Über Kochkäse

von Erwin Grosche

Foto © Frank Becker
Über Kochkäse
 

Ich mag an Kochkäse so, daß sich sein Rest versammelt und geschlossen zurückläuft in seine ursprüngliche Form, nur immer weniger und immer ein Rest, nur immer weniger und immer ein Rest.
Man nimmt den Kochkäse aus seinem Plastiktopf, reißt tiefe Krater und Risse in seine Oberfläche, und eh' man sichs versieht, zieht sich der Rest wieder zusammen zu einer makellosen Ebene, ganz gelber See, vom Mond beseelt, ein Stilleben der Post. Und die kleinen schwarzen Kümmelkörner sind die gerade losgeschickten Briefträger auf dem Wege zum Postkunden im zartgelben Morgen­grauen.
Wissen Sie, ich mag an Kochkäse so, daß er sich nicht entstellen läßt, er achtet auf sich, er gibt nicht auf, er besteht auf seiner Vollkommenheit.
Ich mag an Kochkäse so, daß er hofft, durch sein Zu­rückweichen einem erneuten Eingriff des Menschen zu ent­gehen.
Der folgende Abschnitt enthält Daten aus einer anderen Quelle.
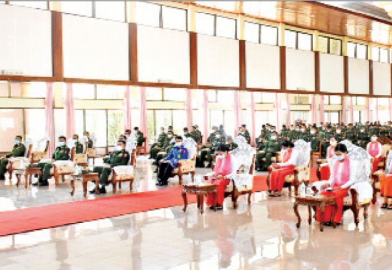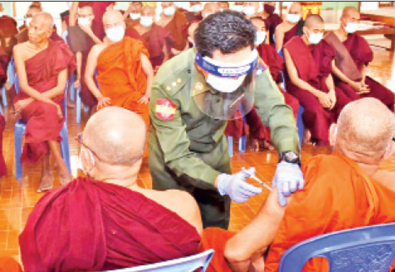 (တပ်မတော်အနေဖြင့် တိုင်းစစ်ဌာနချုပ်နယ်မြေအသီးသီးရှိ ထေရ်ကြီးဝါကြီး ဆရာတော် ကြီးများ အပါအဝင်လူမျိုးမရွေး၊ ဘာသာမရွေး အသက် ၆၅ နှစ်အထက်သက်ကြီးဘိုးဘွားများ၊ ဌာနဆိုင်ရာ ဝန်ထမ်းများနှင့် တိုင်းရင်းသားပြည်သူ များအားကိုဗစ်-၁၉ ရောဂါကာကွယ်ဆေး ထိုးနှံနိုင်ရေးအတွက်ဆေးပစ္စည်းများအား တပ်မတော်လေယာဉ်များဖြင့် သယ်ယူ ပို့ဆောင် ပေးခြင်းများနှင့် ကာကွယ်ဆေး ထိုးနှံပေးခြင်းများကို ဆောင်ရွက်ပေး လျက်ရှိသည်။
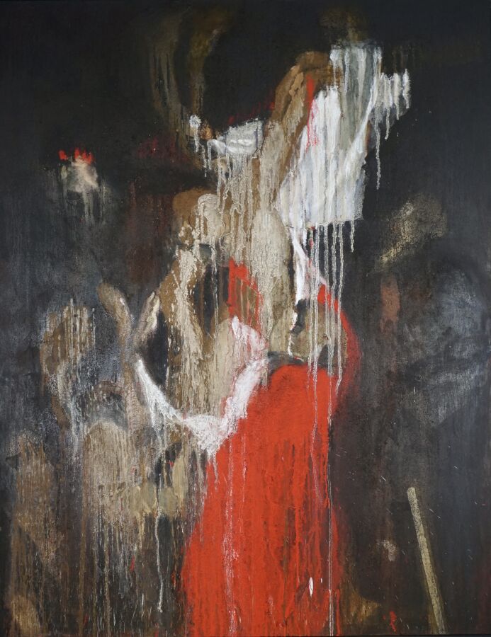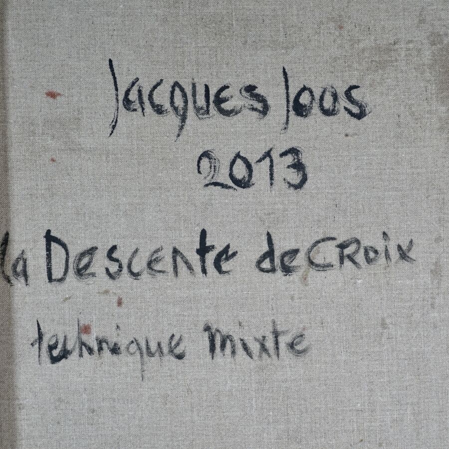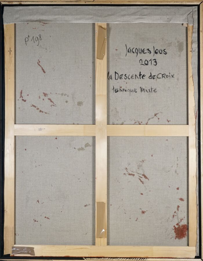 Jacques JOOS (1945-2021), "La descente de croix d'après Pierre-Paul Rubens", 2013, technique mixte sur toile, signée, titrée et datée au dos, 147.5 x 114 cm.

Wie dumm der Kochkäse ist, es reizt doch gerade, das Vollkommene zu zerstören - deswegen heiraten doch Männer Frauen, Kinder werden Erwachsene, und die Post wird Telekom.

Foto © Frank Becker
Schade ist nur, daß die Erde diesem Beispiel des Koch­käses nicht folgen kann. Die Erde bleibt bei einem Eingriff aufgerissen und zieht sich nicht wieder zusammen zu einer makellosen Oberfläche wie der Kochkäse, und putt bleibt putt: »Die kleine Therese, die schickt mir gern Käse, egal was es kost', sie schickt's mit der Post.«
Ich sag Ihnen was: »200 Jahre deutscher Kochkäse«, das wäre ein schönes Briefmarkenmotiv. Eine gelbe, sich dehnende Briefmarke, die beim Stempeln Kümmelkörner hochspringen läßt, das wär's.
Nicht Geld macht glücklich, Gelb macht glücklich! Nicht Gelb macht glücklich, Kochkäse macht glücklich.